LAMPRET: Layout-Aware Multimodal PreTraining for Document Understanding

Document layout comprises both structural and visual (\eg font size) information that are vital but often ignored by machine learning models. The few existing models which do use layout information only consider \textit{textual} contents, and overlook the existence of contents in other modalities such as images. Additionally, spatial interactions of presented contents in a layout was never fully exploited. On the other hand, a series of document understanding tasks are calling out for layout information. One example is given a position in a document, which image is the best to fit in.
To address current models' limitations and tackle layout-aware document understanding tasks, we first parse a document into blocks whose content can be textual, tabular, or multimedia (\eg images) using a proprietary tool.
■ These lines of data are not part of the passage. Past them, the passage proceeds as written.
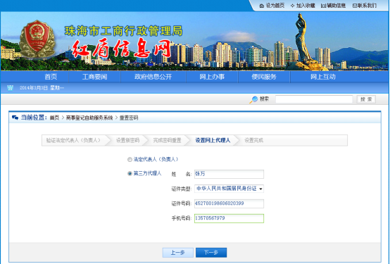 第四步:設(shè)置網(wǎng)上代理人,可以是法定代表人或者是第三方代理人。默認(rèn)是法定代表人,如果選第三方代理人需要填寫代理人姓名、身份證號(hào)、手機(jī)號(hào)碼。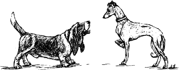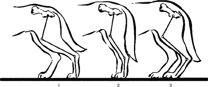 Задние конечности, как я уже сказал, обеспечивают мощный толчок вперед, который передается телу через крестец и поясничный отдел позвоночника. Задние конечности довольно жестко соединены с осевым скелетом посредством тазобедренных суставов. У пород, предназначенных для бега галопом, бедро, как правило, относительно длиннее, а круп в той или иной степени покатый, «свислый», так что колено оказывается ниже уровня локтя. У собак, для которых главный аллюр – неутомимая рысь, бедро сравнительно короче и находится приблизительно на уровне локтя. Голень длинная у тех и других, короткая голень – признак «небыстроходности».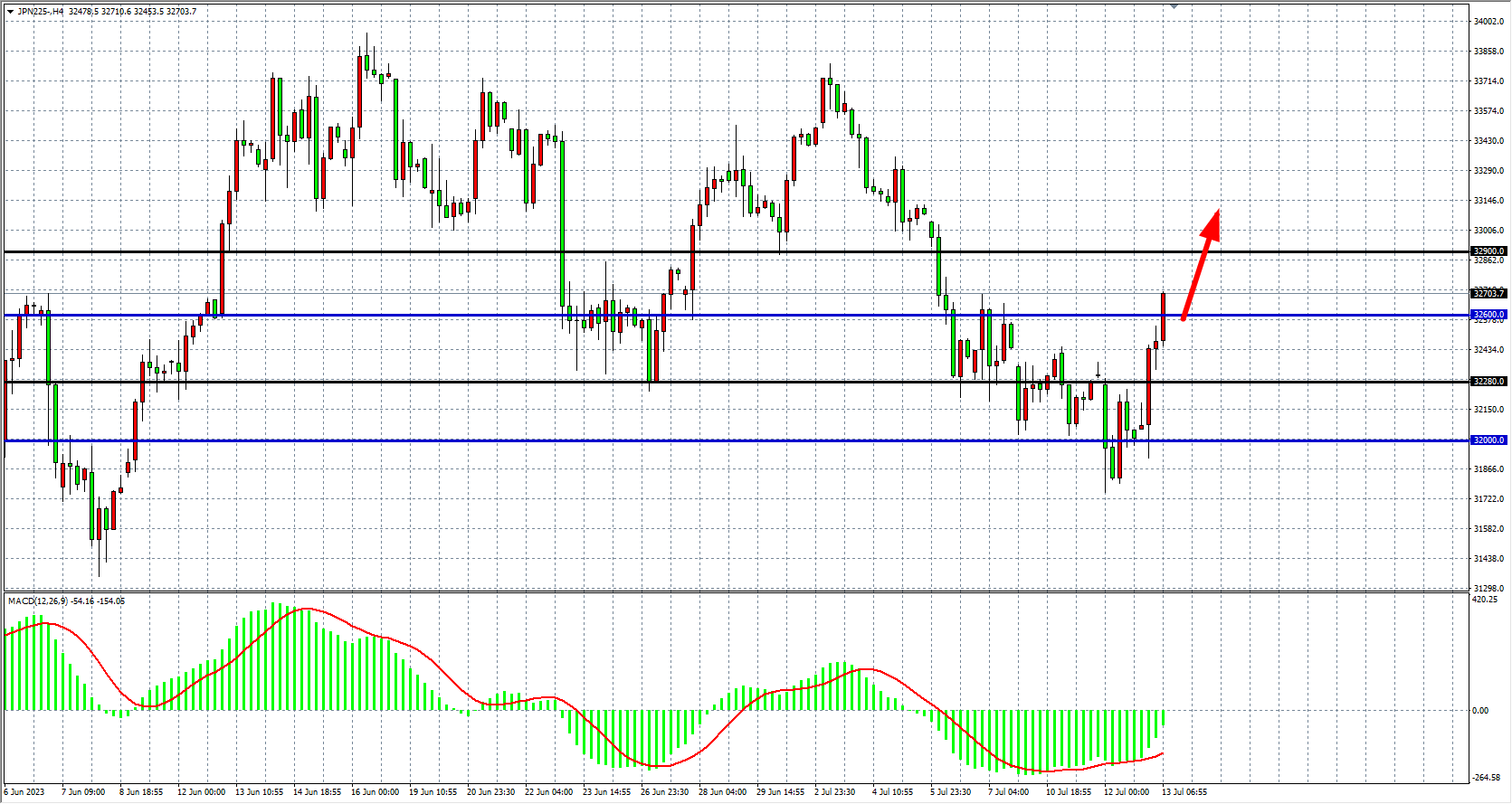 4小时图看,日经指数接连走强上破压力,MACD量能在零轴下缩量,行i去那个展开反弹,支撑关注32300-32600附近,上方阻力看32900-33300。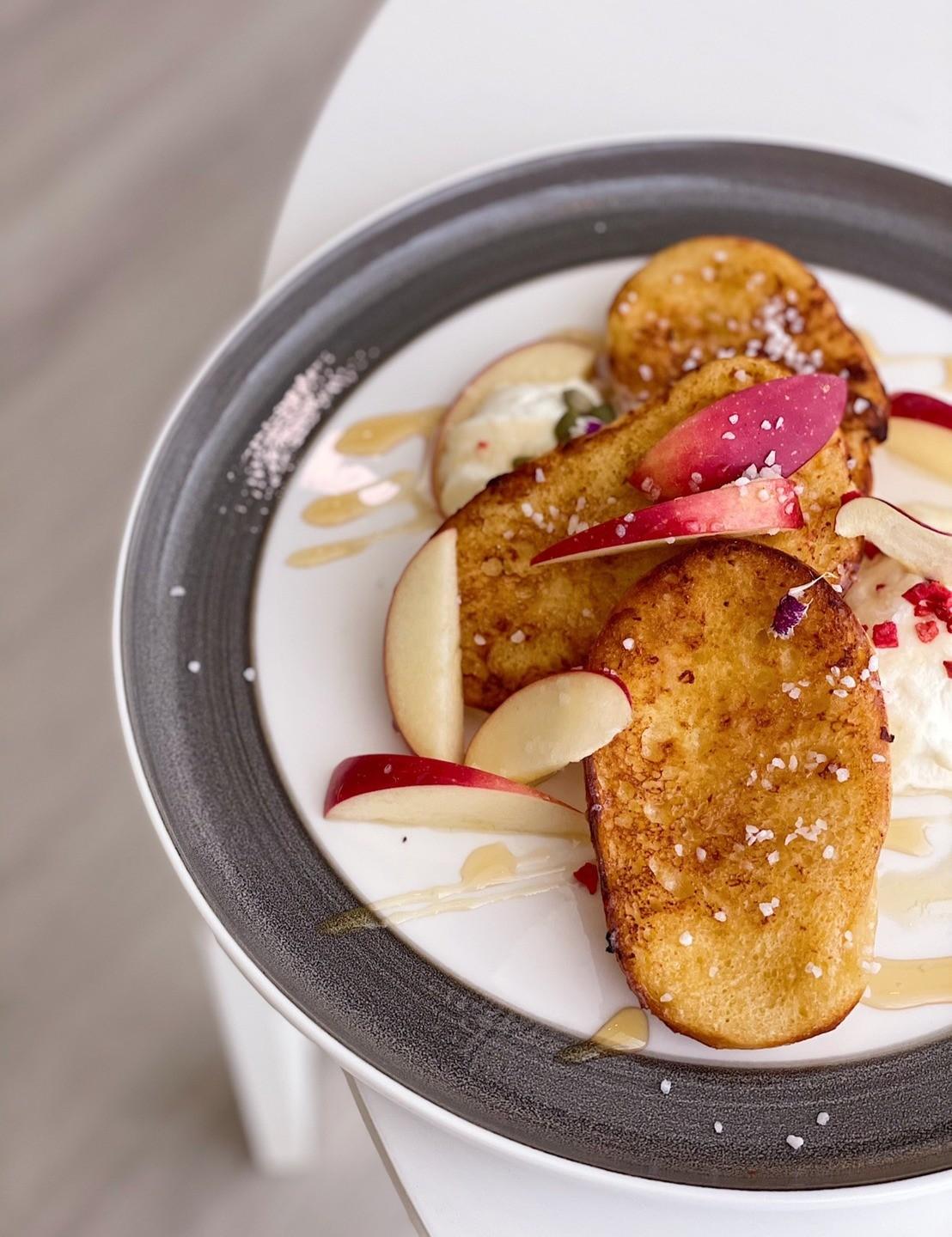 整體份量很足夠的法式吐司,搭配季節水果擺盤,外酥內軟的吐司,上面還有撒上些許的糖霜粒,淋上蜂蜜後更美味。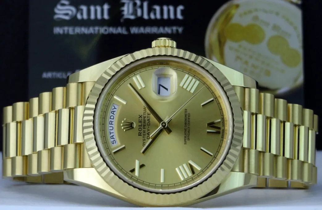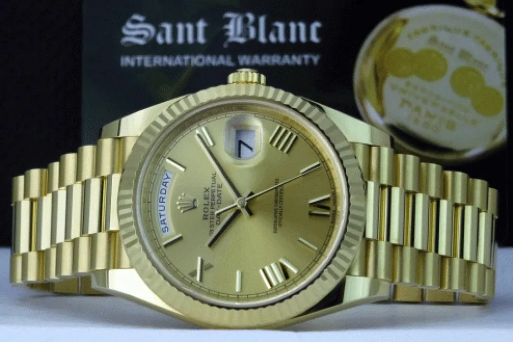 Absolutely Stunning brilliant Rolex Champagne Roman Dial! This is the 40mm size 18kt Gold Rolex Day Date model 228238: This is the style with the Rolex 18kt Gold President bracelet. To replace this Rolex has an estimated MSRP of $34,850. This Rolex is in pristine condition…Priced to sell immediately!

We then propose a novel hierarchical framework, LAMPreT, to encode the blocks.
Our LAMPreT model encodes each block with a multimodal transformer in the lower-level, and aggregates the block-level representations and connections utilizing a specifically designed transformer at the higher-level.
We design hierarchical pre-training objectives where the lower-level model is trained with the standard masked language modeling (MLM) loss and the multimodal alignment loss, and the higher-level model is trained with three layout-aware objectives:
(1) block-order predictions,
(2) masked block predictions, and
(3) image fitting predictions.
We test the proposed model on two layout-aware tasks -- image suggestions and text block filling, and show the effectiveness of our proposed hierarchical architecture as well as pre-training techniques.